Egg production was recorded daily throughout the laying period and used to calculate hen-day egg production (HDEP), egg mass, and feed conversion ratio (FCR) from the onset of lay until 32 weeks of age (Oketch et al., 2025b). Average HDEP was determined based on the total number of eggs laid relative to the number of hens in each treatment group. Egg mass (g/hen/day) was calculated as the product of average egg weight and HDEP. The FCR was expressed as grams of feed intake per hen per day divided by grams of egg mass produced per hen per day.

3. Egg Quality Parameters

At 24 and 32 weeks of age, a total of 30 eggs per strain were randomly collected and evaluated for egg quality as previously conducted (Oketch et al., 2025b). Initially, Eggshell breaking strength was evaluated using a texture analyzer (TA.XTplusC, Stable Micro Systems, Surrey, England). Shell color, albumen height, and Haugh units were measured using an egg multi-tester (QCM+ Range; TSS, Dunnington, York, UK). Yolk color intensity was assessed using the DSM yolk color fan (scale 1 = light yellow to 15 = orange). Eggshell thickness, measured without the inner membrane, was determined at three locations (upper, middle, and lower) using a shell thickness micrometer (Digimatic MDC-MX Series; Mitutoyo, Aurora, IL, USA). All internal quality and eggshell assessments were completed within 24 hours of egg collection.

4. Statistical Analysis

Collected data were analyzed using the general linear model (GLM) procedure for one-way analysis of variance (ANOVA) in the SPSS software package (Version 26; IBM Corp., Armonk, NY, USA). The cage served as the experimental unit for assessing productive performance and egg quality parameters. Statistical significance was declared at P<0.05, while trends were noted when 0.05<P< 0.10. When significant treatment effects were detected, means were separated using Tukey’s Multiple Range Test.

RESULTS AND DISCUSSION

Given the heavy reliance on imported commercial layers, evaluating the performance of native slow-growing egg-producing crossbreeds is essential for strengthening domestic breeding programs. Therefore, this study compared the growth, laying performance (Table 2), and egg quality (Table 3) of six native crossbred strains from hatch to 32 weeks of age.

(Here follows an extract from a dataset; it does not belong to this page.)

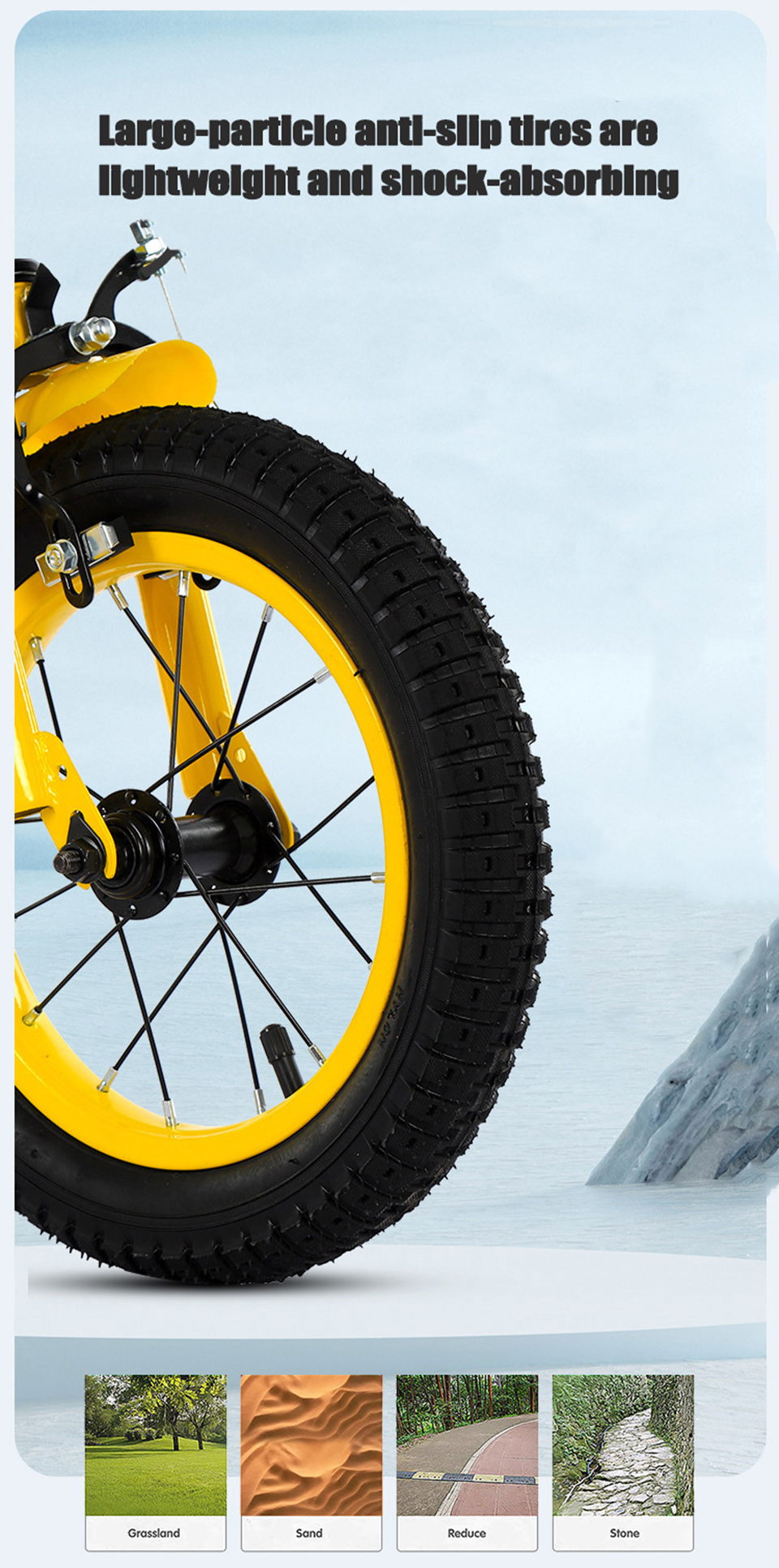 All-Terrain Anti-Slip Shock-Absorbing Tires: Large-particle anti-slip tire treads deliver unshakable grip on every surface, including pavement, grass, sand and stone paths. Thickened sidewalls not only prevent punctures and wear, but also absorb shocks effectively to avoid jolts that could cause kids to lose balance.

Table 2. Growth and productive performance of six crossbred Korean Native Chicken strains from hatch to 32 weeks of age

Period	Strain						SEM¹	P-value
Period	RCYD	YCCF	YCCK	YDRC	YDCF	YDCK	SEM¹	P-value
Body weight (g)
Day 1	35.81^a	41.72^b	42.36^b	37.23^a	41.08^b	42.44^b	0.188	<0.001
Week 4	336.12^c	318.68^abc	309.51^a	329.17^bc	337.07^c	311.85^ab	2.012	<0.001
Week 8	788.12^b	755.92^ab	753.79^ab	782.32^ab	786.00^b	750.13^a	3.560	<0.001
Week 12	1,182.36^bc	1,146.96^abc	1,132.96^ab	1,195.99^c	1,186.51^c	1,127.65^a	5.184	<0.001
Week 16	1,516.39^b	1,450.61^a	1,447.59^a	1,498.59^ab	1,456.11^ab	1,445.04^a	6.483	0.002
Week 20	1,876.39^bc	1,742.15^a	1,772.45^a	1,898.15^c	1,802.80^ab	1,794.13^ab	8.991	<0.001
Week 24	1,909.53^bc	1,798.33^a	1,801.55^a	1,937.51^c	1,805.52^a	1,815.56^ab	10.575	<0.001
Week 28	1,925.16^bc	1,834.84^ab	1,808.43^a	1,944.53^c	1,842.00^abc	1,834.92^ab	11.116	<0.001
Week 32	1,964.13^bc	1,842.68^a	1,862.49^ab	1,983.89^c	1,858.20^ab	1,852.29^ab	11.857	<0.001
Hen day egg production (%)
Week 18–20	18.33	21.98	17.38	11.90	20.80	15.95	1.092	0.101
Week 21–22	46.19	46.31	46.55	39.88	45.89	46.43	1.243	0.604
Week 23–24	68.57	71.07	66.31	68.81	69.11	67.62	0.908	0.779
Week 25–26	71.19	74.17	68.33	71.43	69.88	70.00	1.091	0.752
Week 27–28	60.95	58.09	55.24	56.31	55.95	50.24	1.378	0.362
Week 29–30	65.24	62.74	71.43	66.43	67.92	60.12	2.501	0.845
Week 31–32	62.26	61.31	64.88	62.02	63.15	64.64	1.007	0.890
Egg mass (g/hen/day)
Week 18–20	9.12	10.95	8.94	5.97	10.23	7.93	0.547	0.118
Week 21–22	22.97	23.06	23.95	19.99	22.59	23.07	0.623	0.564
Week 23–24	34.10	35.39	34.12	34.49	34.01	33.59	0.452	0.915
Week 25–26	35.40	36.93	35.16	35.80	34.39	34.78	0.546	0.827
Week 27–28	30.31	28.93	28.42	28.22	27.54	24.96	0.689	0.355
Week 29–30	32.44	31.24	36.75	33.29	33.43	29.87	1.277	0.742
Week 31–32	30.96	30.53	33.38	31.08	31.08	32.12	0.509	0.628
Feed conversion ratio (g/g)
Week 18–20	15.34	14.36	8.94	14.62	17.18	16.52	1.105	0.325
Week 21–22	5.24	5.69	5.01	6.17	5.34	5.79	0.204	0.625
Week 23–24	3.33	3.21	3.39	3.28	3.30	3.42	0.049	0.865
Week 25–26	3.21	3.05	3.43	3.20	3.23	3.35	0.074	0.764
Week 27–28	3.98	3.98	4.11	4.33	4.13	5.32	0.174	0.201
Week 29–30	4.05	3.70	3.77	3.68	3.54	4.13	0.158	0.887
Week 31–32	3.69	3.84	3.41	3.76	3.60	3.62	0.066	0.514

^a–c Values in a row with different superscripts differ significantly (P<0.05).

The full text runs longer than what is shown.